My eyes opened wide and I yelped, feeling cold sweat run over my face and neck. I looked around me while breathing raggedly and saw a giant blanket covering me.

I was at a snowy street corner, gray light spilled through the clouds and a small amount of people walked through the streets.

Boy, you’re not cold? A familiar voice rang in my head and I ignored it as a shiver went through my entire body.

Wrapping the unfamiliar blanket around me, I rose to my feet and walked out of the street corner.

The streets were unfamiliar. Instead of the lavish houses that were made out of stone, the houses were made out of wood and the roads, covered by the snow, were uneven.

Cold and hungry, I numbly hobbled through the streets, trying to figure out where I was without bringing the ire of the adults.

But no matter how much I walked, the streets never seemed familiar.

At some point the cold subsided a bit as the sun came out of the clouds, but the intensifying hunger kept my mind blurry and my feet moving.

“Hey! Boy!” An old woman called out to me, she stood next to an open wooden house. “Come here! I have some food for you all!”

The moment she mentioned food, a pang of pain went through my stomach, making me wince.

I could see children inside the house, some were older and some were younger, they all wore rags.

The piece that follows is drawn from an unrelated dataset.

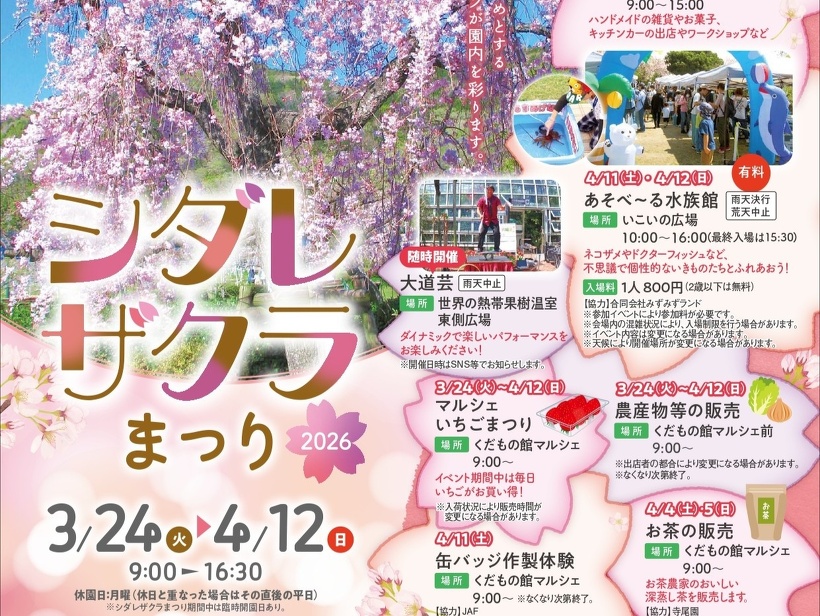 2026年04月12日(日) NEW 「フルーツフラワーリレー」「シダレザクラまつり」開催のお知らせ 「フルーツフラワーリレー(2/27~3/22)」、「シダレザクラまつり(3/24~4/12)」を開催します。 「シダレザクラまつり」期間中は駐車場が有料となりますのでご了承ください。 詳細は、季節のイベントページをご覧ください。

Without even thinking, I shambled into the house and basked in its warmth.

I sat down on the floor as the old woman went and brought me a portion of soup from a cauldron.

As I devoured the bitter soup, the hunger slowly subsided and my numb mind slowly started to clear up. After finishing, I quietly burped and looked at the children and the old woman.

The children around didn’t talk that much, only a few of them even looked in my direction. I knew that unlike me, they were street orphans and from the many bed sheets on which some of the children slept, I understood that the old lady probably gave them shelter often.

Only after the stomach pain went away, my eyelids started to get heavier. Neither the heavy coughs, the sharp pain in my lungs or my stinging neck could keep me awake.

For what seemed like a couple of hours, I fell asleep and woke up a couple of times.

Sometimes it was a deep breath that made my lungs hurt to the point of not being able to breath. At others, the old lady started to cough at her hardest, all the while she made sure to stay away from the other kids.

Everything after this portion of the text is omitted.